__Excerpted data__
########################################

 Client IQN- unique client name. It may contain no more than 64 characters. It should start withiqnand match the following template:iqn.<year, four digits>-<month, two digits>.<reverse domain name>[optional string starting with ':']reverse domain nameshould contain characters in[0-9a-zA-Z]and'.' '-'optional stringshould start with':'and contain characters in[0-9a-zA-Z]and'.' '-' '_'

########################################

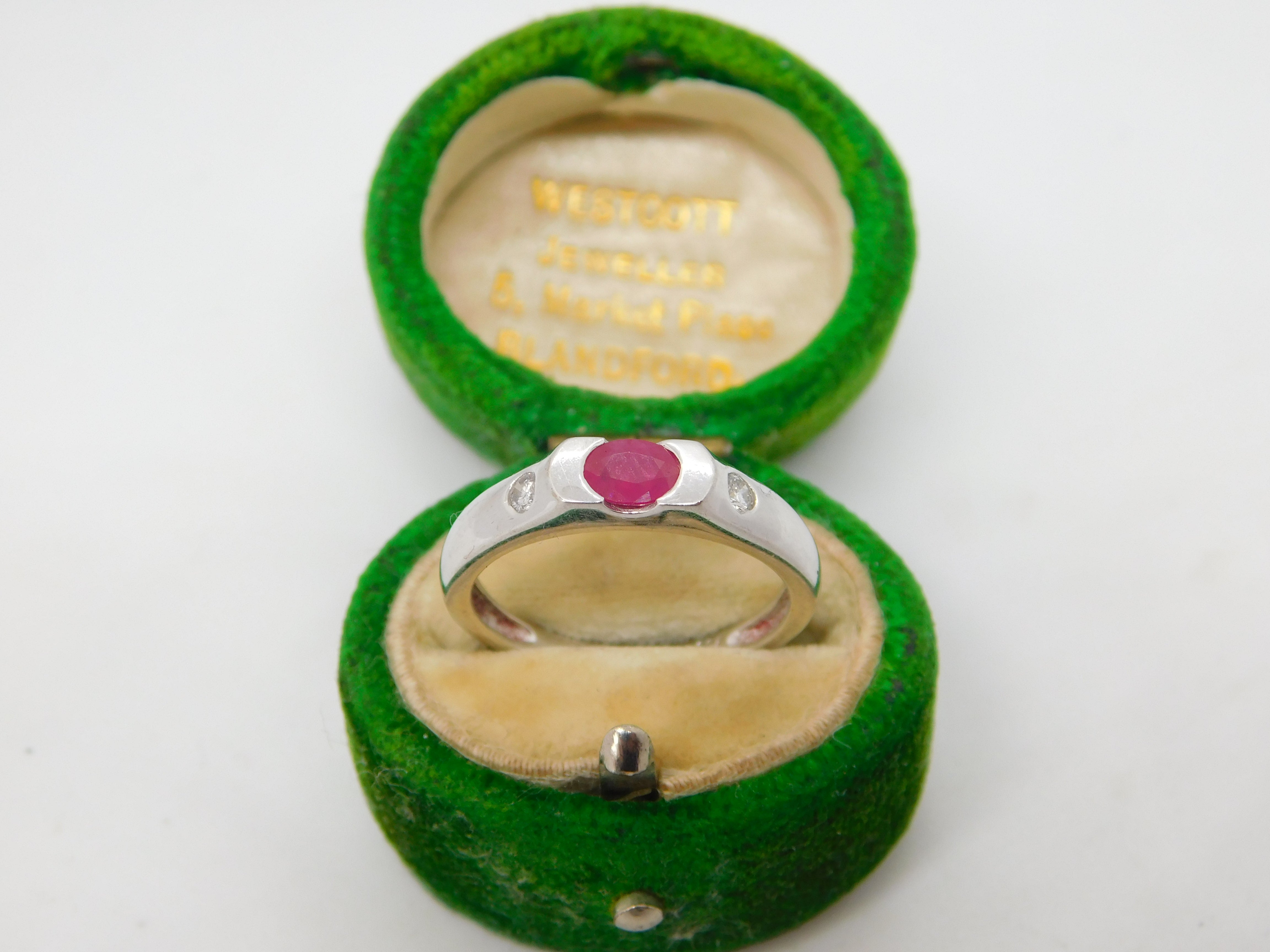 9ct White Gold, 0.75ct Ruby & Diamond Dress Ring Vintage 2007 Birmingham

########################################

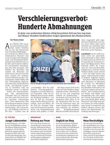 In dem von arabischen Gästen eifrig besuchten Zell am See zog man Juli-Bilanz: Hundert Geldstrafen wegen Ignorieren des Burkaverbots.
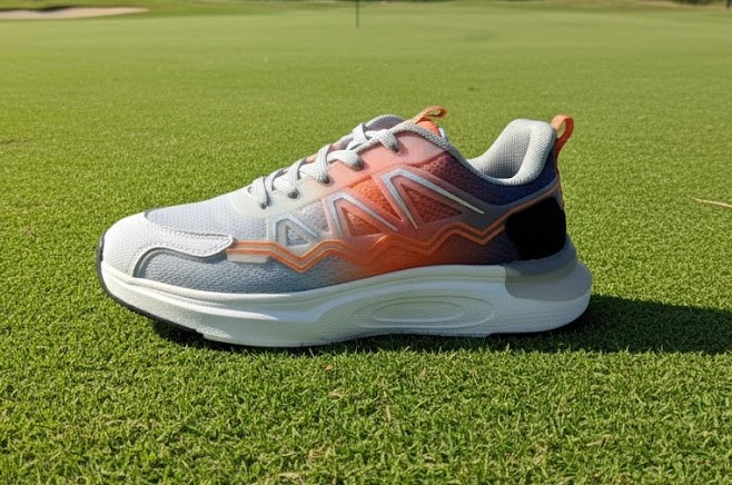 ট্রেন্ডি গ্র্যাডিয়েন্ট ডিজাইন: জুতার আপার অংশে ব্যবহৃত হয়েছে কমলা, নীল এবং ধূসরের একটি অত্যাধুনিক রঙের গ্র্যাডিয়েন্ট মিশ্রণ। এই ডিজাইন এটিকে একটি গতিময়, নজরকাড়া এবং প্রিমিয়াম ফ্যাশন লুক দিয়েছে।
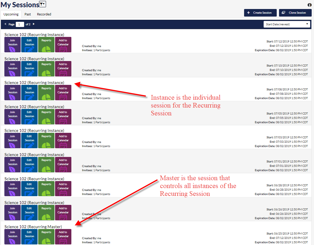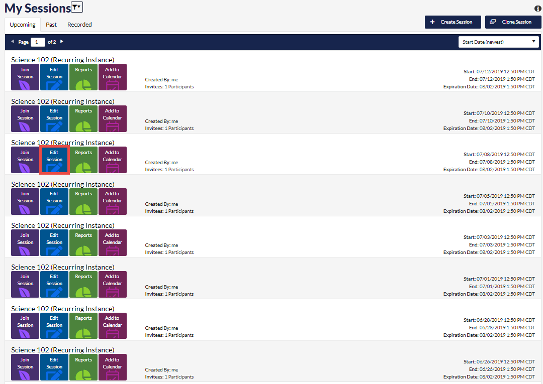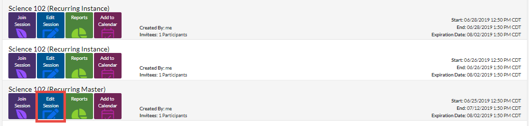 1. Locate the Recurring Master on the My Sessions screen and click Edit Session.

########################################

__What you need to do__
Exactly the lines starting at the one above with "In dem von arabischen" and ending at the one with "1. Locate the" should be printed, and nothing else. Omit the pictures.

__Answer space__
 In dem von arabischen Gästen eifrig besuchten Zell am See zog man Juli-Bilanz: Hundert Geldstrafen wegen Ignorieren des Burkaverbots.
 ট্রেন্ডি গ্র্যাডিয়েন্ট ডিজাইন: জুতার আপার অংশে ব্যবহৃত হয়েছে কমলা, নীল এবং ধূসরের একটি অত্যাধুনিক রঙের গ্র্যাডিয়েন্ট মিশ্রণ। এই ডিজাইন এটিকে একটি গতিময়, নজরকাড়া এবং প্রিমিয়াম ফ্যাশন লুক দিয়েছে।
 1. Locate the Recurring Master on the My Sessions screen and click Edit Session.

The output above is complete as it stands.